- Opening Delimiter -
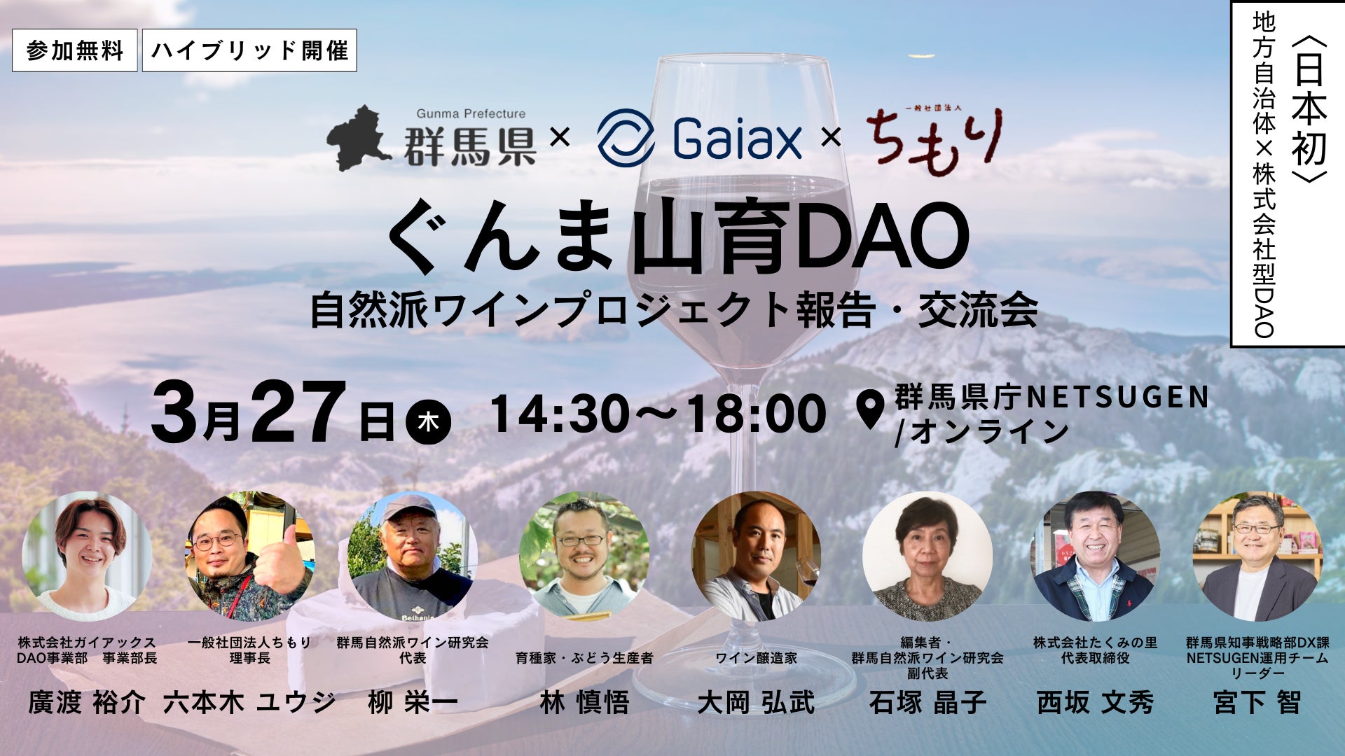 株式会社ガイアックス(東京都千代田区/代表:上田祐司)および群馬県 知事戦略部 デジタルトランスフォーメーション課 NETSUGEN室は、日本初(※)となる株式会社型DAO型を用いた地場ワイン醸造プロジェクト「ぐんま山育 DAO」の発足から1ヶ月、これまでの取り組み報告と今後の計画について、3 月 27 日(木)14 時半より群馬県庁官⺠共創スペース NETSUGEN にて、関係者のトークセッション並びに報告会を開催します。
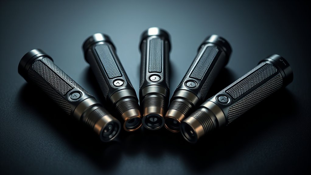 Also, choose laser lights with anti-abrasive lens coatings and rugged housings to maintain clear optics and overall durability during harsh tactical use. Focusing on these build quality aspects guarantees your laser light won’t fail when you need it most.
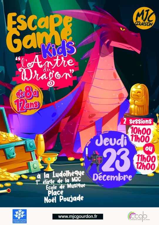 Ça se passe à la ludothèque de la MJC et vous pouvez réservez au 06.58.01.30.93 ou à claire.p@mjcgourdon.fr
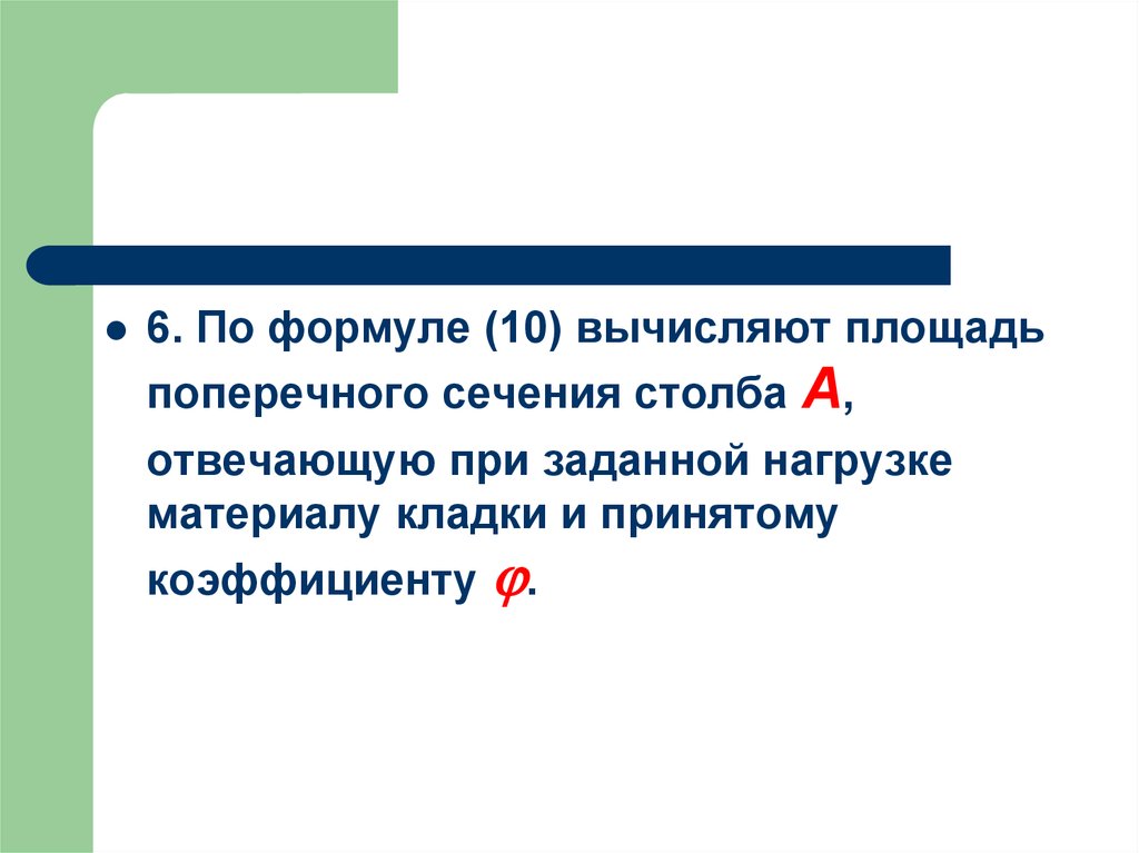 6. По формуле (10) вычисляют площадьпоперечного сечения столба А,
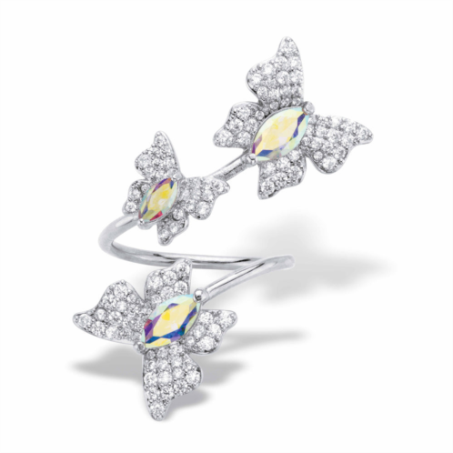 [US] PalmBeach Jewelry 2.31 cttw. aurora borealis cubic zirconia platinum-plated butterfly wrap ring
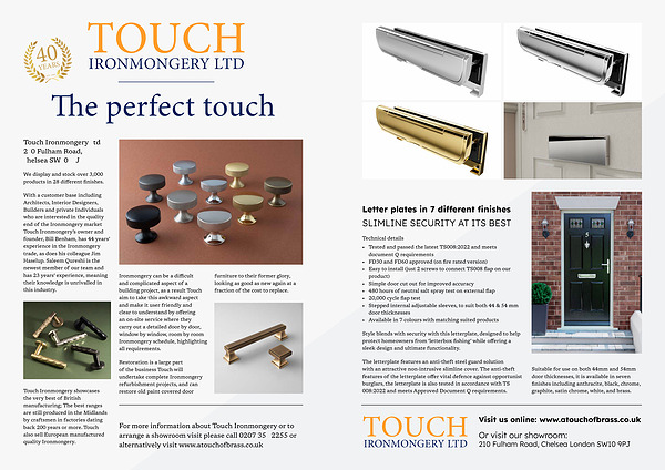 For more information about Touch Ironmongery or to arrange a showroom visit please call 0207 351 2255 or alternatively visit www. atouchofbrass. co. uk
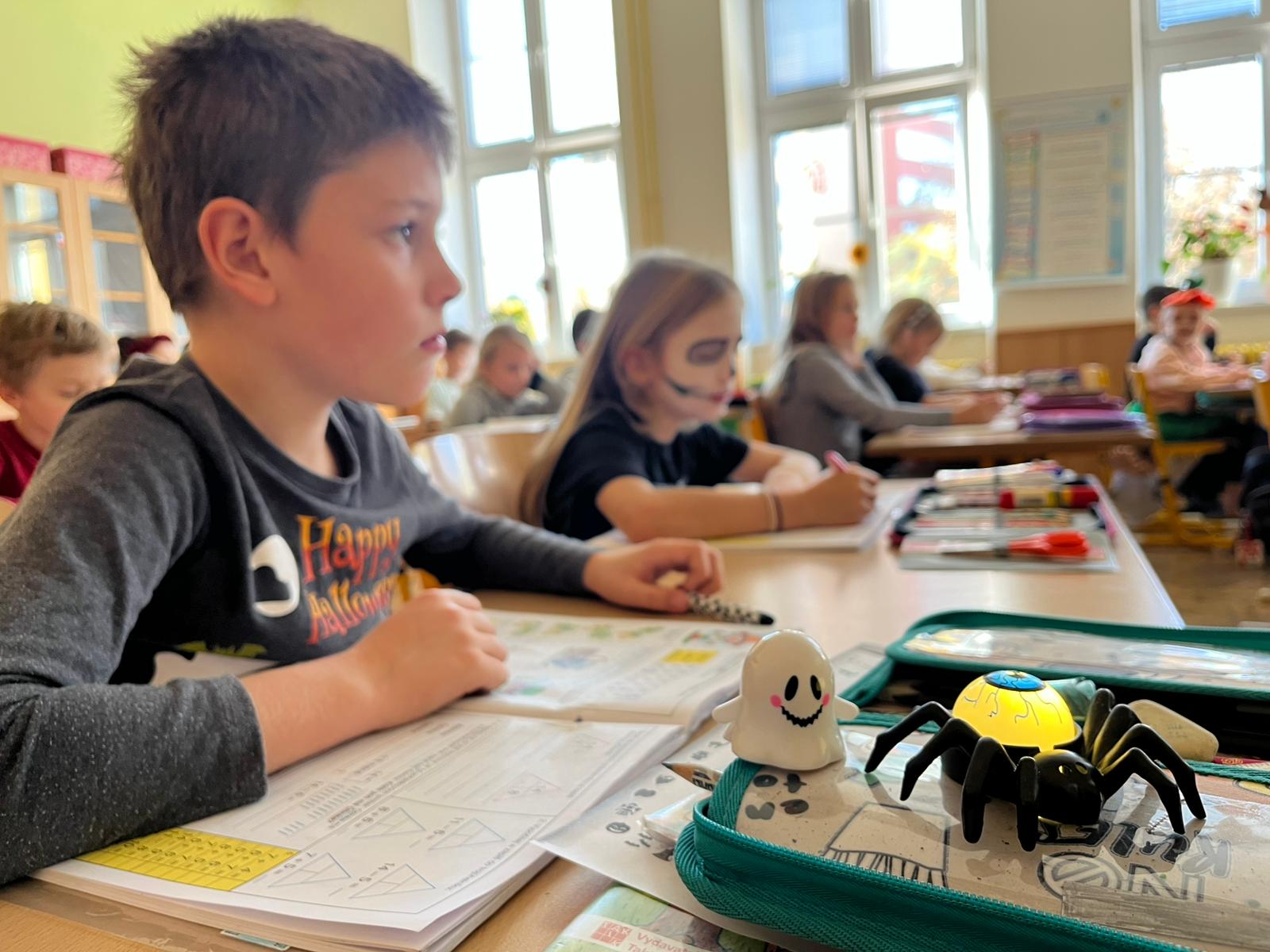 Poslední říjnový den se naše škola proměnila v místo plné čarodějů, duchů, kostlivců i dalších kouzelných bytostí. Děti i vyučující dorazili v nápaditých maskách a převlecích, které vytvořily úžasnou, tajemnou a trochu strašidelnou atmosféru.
- Closing Delimiter -
_TASK PROMPT_
Please give again only those lines that run from the one containing "[US] PalmBeach Jewelry" through the final line of the listing, both included, exactly as written and without pictures.

_OUTPUT BELOW_
 [US] PalmBeach Jewelry 2.31 cttw. aurora borealis cubic zirconia platinum-plated butterfly wrap ring
 For more information about Touch Ironmongery or to arrange a showroom visit please call 0207 351 2255 or alternatively visit www. atouchofbrass. co. uk
 Poslední říjnový den se naše škola proměnila v místo plné čarodějů, duchů, kostlivců i dalších kouzelných bytostí. Děti i vyučující dorazili v nápaditých maskách a převlecích, které vytvořily úžasnou, tajemnou a trochu strašidelnou atmosféru.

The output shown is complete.